▶ _The problem_: Starting with the line that has "風がないのでそれほど寒くなく" and finishing with the line that has "在訓(xùn)練后階段,神經", set down each line below exactly. Pictures are not copied.
[[ Information given, beginning ]]
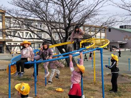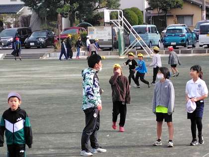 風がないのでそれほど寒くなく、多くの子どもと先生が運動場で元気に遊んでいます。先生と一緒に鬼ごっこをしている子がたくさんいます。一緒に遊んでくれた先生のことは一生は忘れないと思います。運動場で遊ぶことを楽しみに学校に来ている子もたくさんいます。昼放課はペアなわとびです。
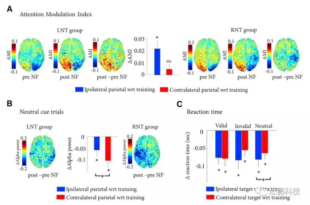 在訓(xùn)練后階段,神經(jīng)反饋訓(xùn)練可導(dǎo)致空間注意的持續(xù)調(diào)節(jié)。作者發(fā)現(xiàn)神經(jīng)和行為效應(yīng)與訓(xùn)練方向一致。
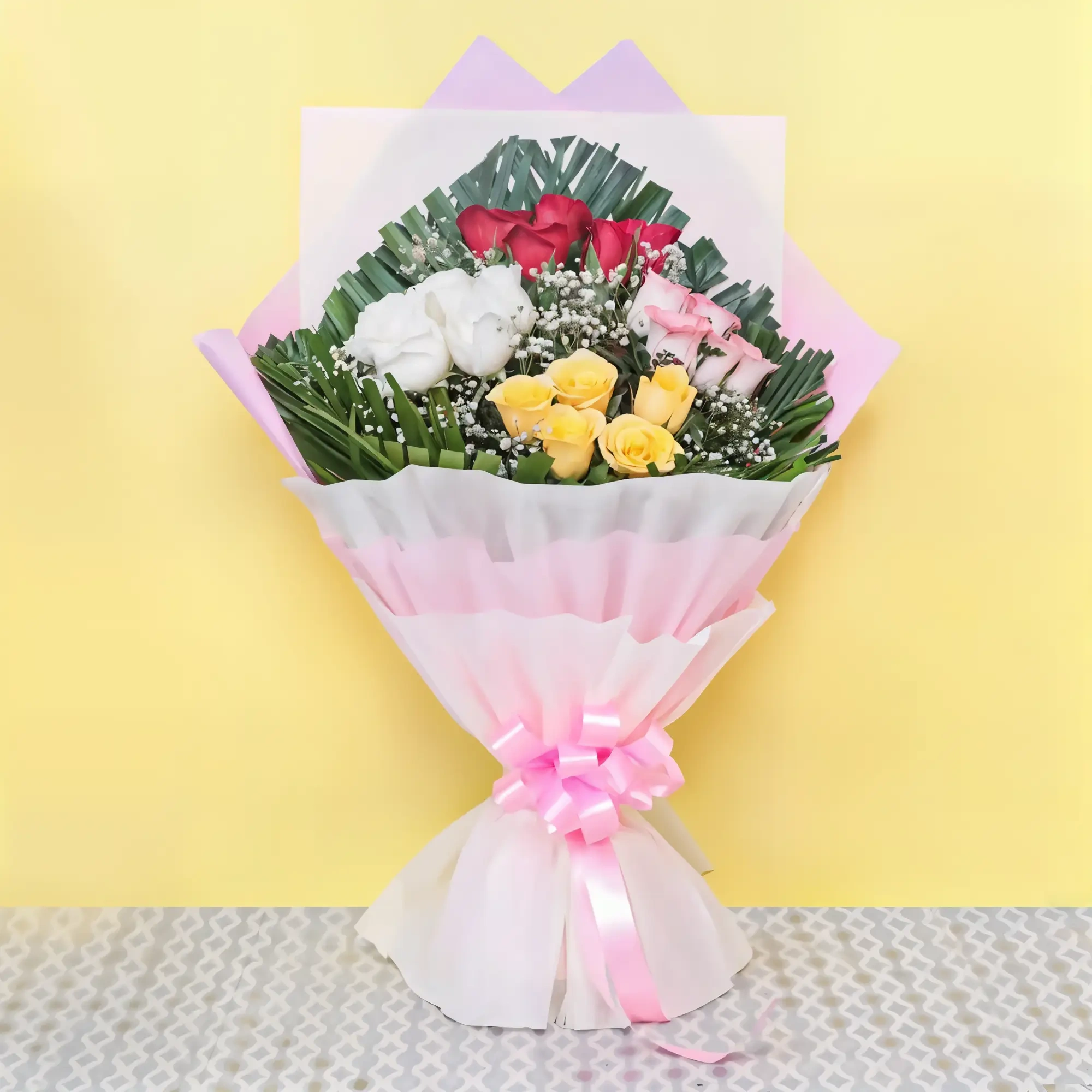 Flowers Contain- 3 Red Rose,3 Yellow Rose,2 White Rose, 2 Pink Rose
[[ Information given, end ]]
[[ Information given, beginning ]]
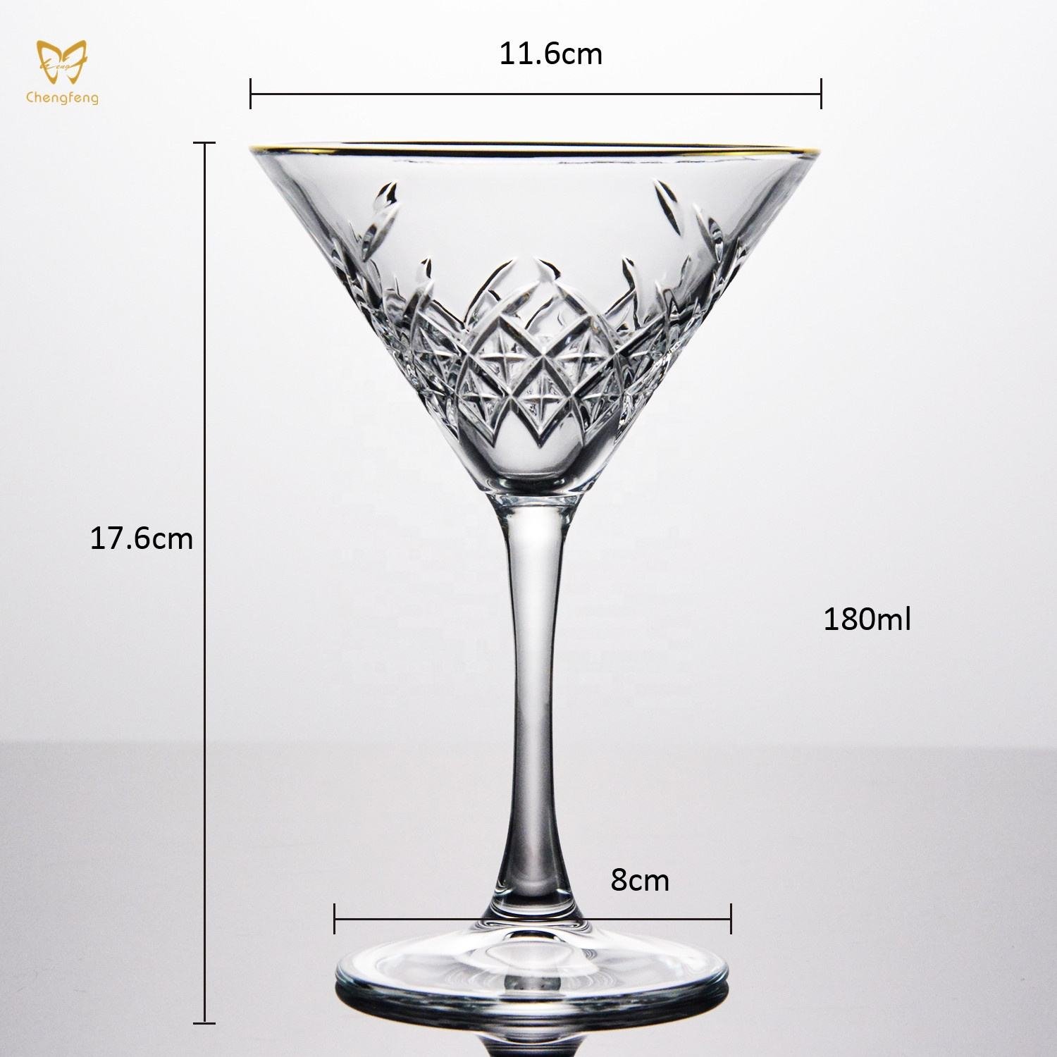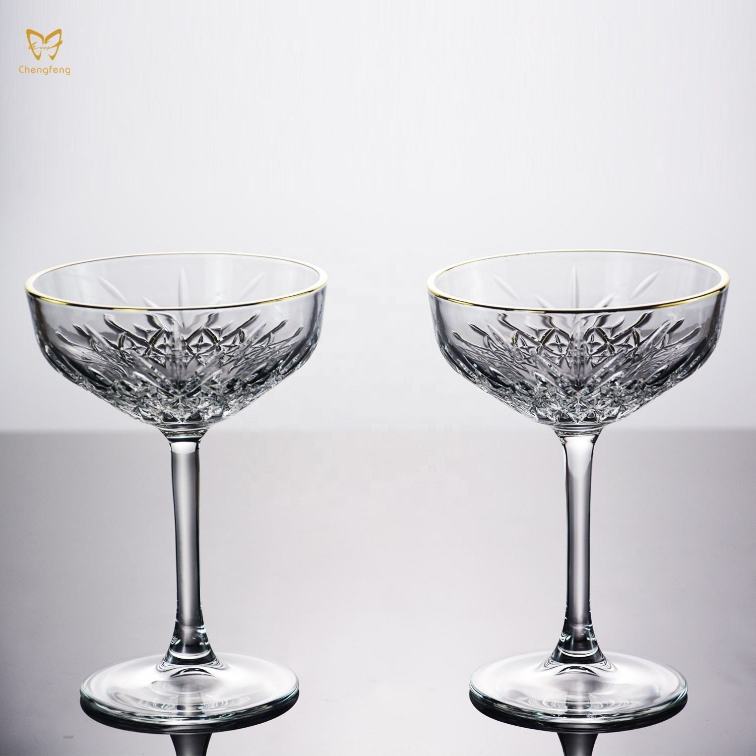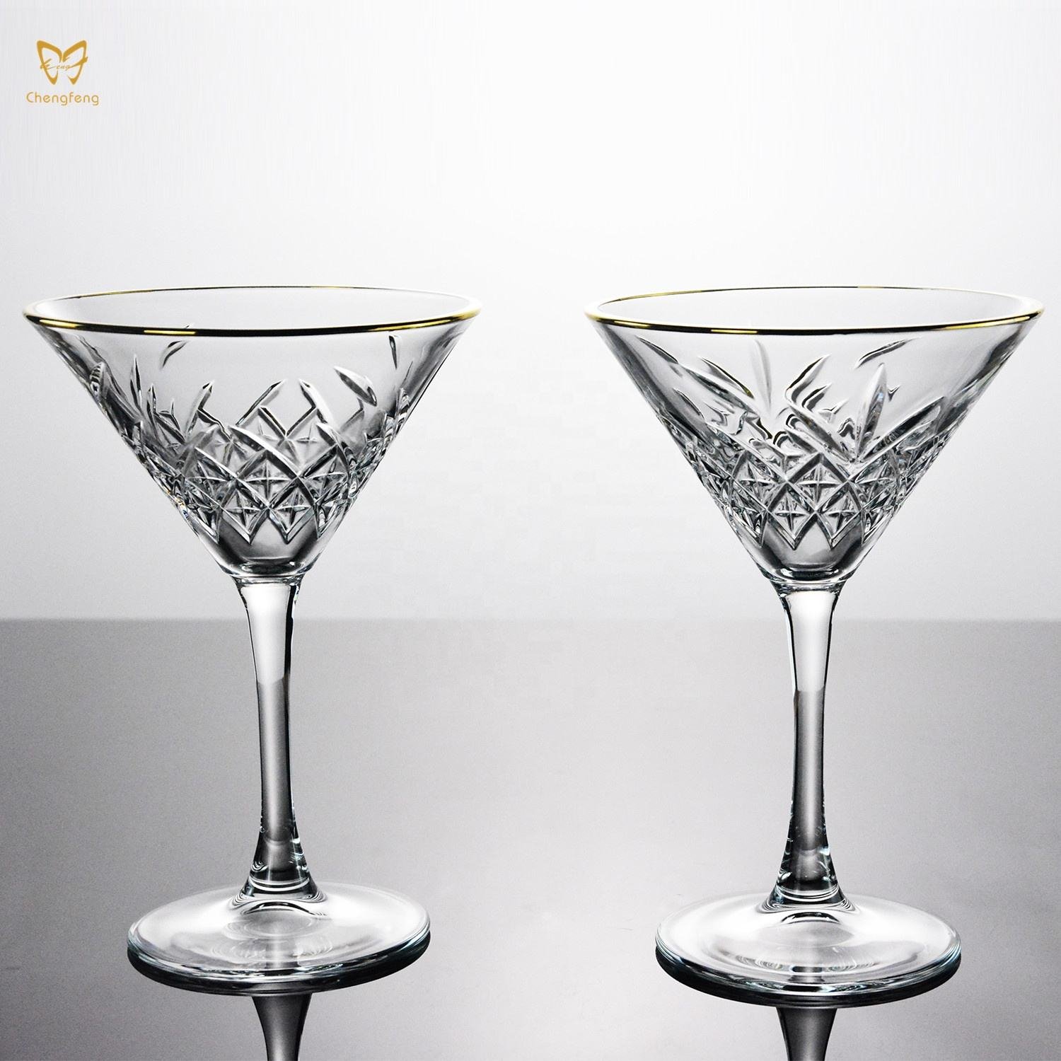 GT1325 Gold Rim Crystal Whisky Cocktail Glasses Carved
[[ Information given, end ]]
▶ _Output_:
 風がないのでそれほど寒くなく、多くの子どもと先生が運動場で元気に遊んでいます。先生と一緒に鬼ごっこをしている子がたくさんいます。一緒に遊んでくれた先生のことは一生は忘れないと思います。運動場で遊ぶことを楽しみに学校に来ている子もたくさんいます。昼放課はペアなわとびです。
 在訓(xùn)練后階段,神經(jīng)反饋訓(xùn)練可導(dǎo)致空間注意的持續(xù)調(diào)節(jié)。作者發(fā)現(xiàn)神經(jīng)和行為效應(yīng)與訓(xùn)練方向一致。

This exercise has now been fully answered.